Menai mussels and leek omelette accompanied by a homemade spicy coconut curry based sauce with fresh coriander.
Firstly, the idea initially came from the oyster omelette eaten on various occasions within chinatown. Ever since then, I was inspired to create my own various versions, in particular using mussels (being relatively cheaper) to whip up a flamboyancy. Dipped into a spicy, coconut, coriander, based curry sauce, to add that extra flavoursome touch.
Serves 1 Portion
Ingredients:
- 500g x Menai Mussels
Sauce ingredients:
- 1 x small Onion
- 1 x tsp Curry Powder (medium)
- 1 x tsp Ground Ginger
- 6 x tbsp Coconut milk
- 1 x handful of Fresh Coriander (cilantro)
- drizzle of vegetable oil
Omelette ingredients:
- 4 x medium Eggs
- 1 x tbsp Light Soy Sauce
- 1 x tsp Cornflour
- 1 x tbsp Cold water (to dilute cornflour)

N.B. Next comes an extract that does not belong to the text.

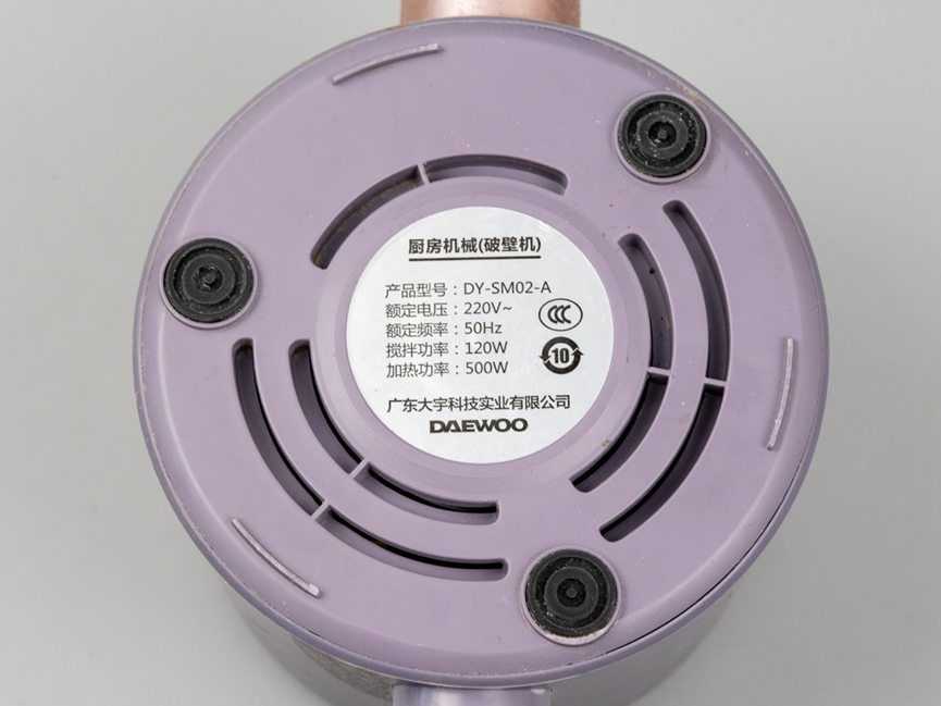 我们先从底座开始拆解,这款破壁机的搅拌功率为120瓦特,加热功率为500瓦特,属于典型的小功率厨房电器,日常使用中耗电量相对较低。

- 1 x thumb sized piece of Leek
Garnish:
- Fresh Coriander
- 1 x Lime Wedge
- sliced chilli (optional)
Method:
- Preheat the hob to a medium heat. Drizzle vegetable into a pan. Allow to heat up. Add the onion, curry powder and ginger into the pan. Cook until softened. Then add the coconut milk. Stir.

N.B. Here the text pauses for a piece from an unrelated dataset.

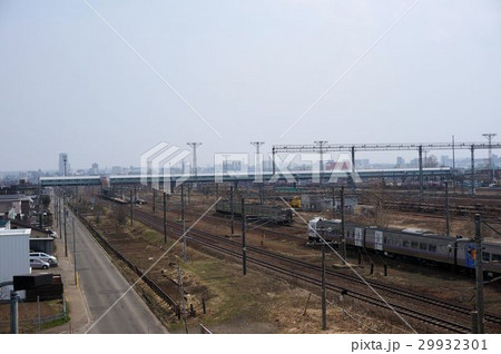 北海道函館市函館駅車庫前の操車場の冬の風景を撮影
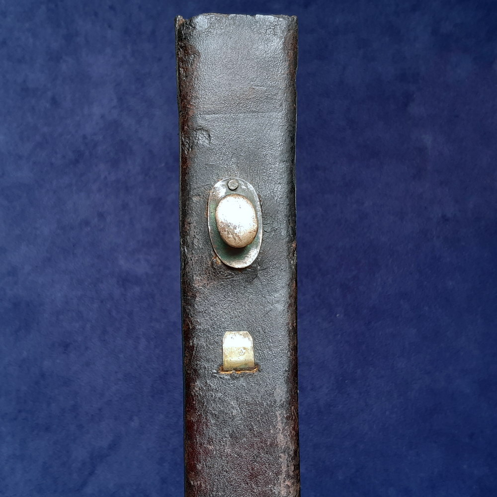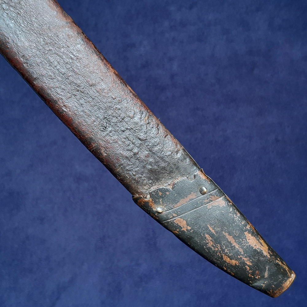 The leather of the scabbard has some rubbing and knocks but remains strong with no losses to its stitching (possibly a repair/reinforcement to the stitching at the throat end, although this does not look modern). Some patination to the copper stud. The brass chape piece has some light dents and some rubbing & flaking to its black paint revealing patinated brass, more extensive on the rear side. Assuming there was a leather washer, this has been lost.

- Place the fresh coriander into a blender/food processor. Add the cooked onion and spices mixture. Blend until smooth. Place into a serving dish.

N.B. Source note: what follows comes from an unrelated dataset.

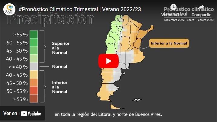 Para el trimestre diciembre-enero-febrero existe una alta probabilidad de registrar precipitaciones por debajo del promedio en el Litoral y el norte de Buenos Aires, mientras que pueden esperarse lluvias normales o inferiores a lo normal en el este de Salta, Santiago del Estero, Córdoba y el oeste y sur de Patagonia.
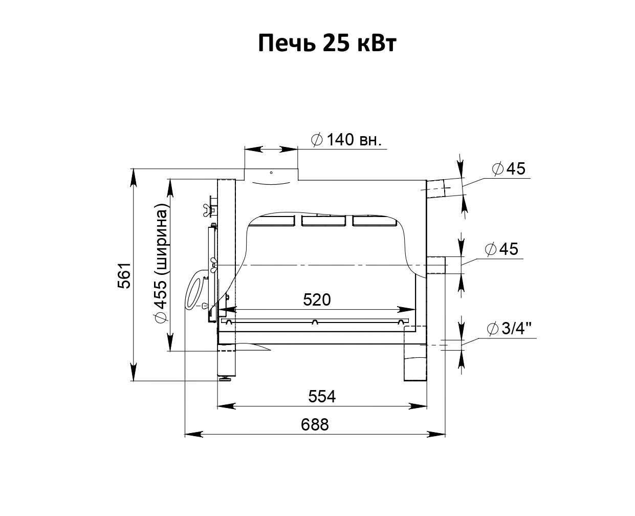 Наружная горизонтальная печь для купели мощностью 25 кВт подойдет для купели любой формы и размеров, для купелей, изготовленных из любых материалов: дерева, полипропилена, стеклопластика, металла.

- Remove any debris from the mussels. Wash under cold water. Place the mussels into a saucepan. Add cold water. Allow to boil until the mussels have opened. Drain the water and place the mussels into cold water. Allow to cool down. Discard any unopened mussels.
- Remove the mussels from their shells. Place into a bowl.
- Whisk the eggs in a mixing bowl. Add the soy. Dilute the cornflour in water and add. Mix.
- Drizzle vegetable oil into a non stick frying pan. Place on the preheated hob. Allow to heat.
- Thinly slice the leek. Add to the heated pan. Lightly fry. Then, add the egg mixture to the pan. Add the mussels and place a lid on top. Allow to cook for 5-6 minutes on a low/medium heat.
- Turnover the omelette onto a plate. Then place back into the pan to sear the other side for roughly 15-20seconds. Remove onto a board. Cut into quarters. Garnish with coriander and a lime wedge. Accompanied by the dipping curry sauce.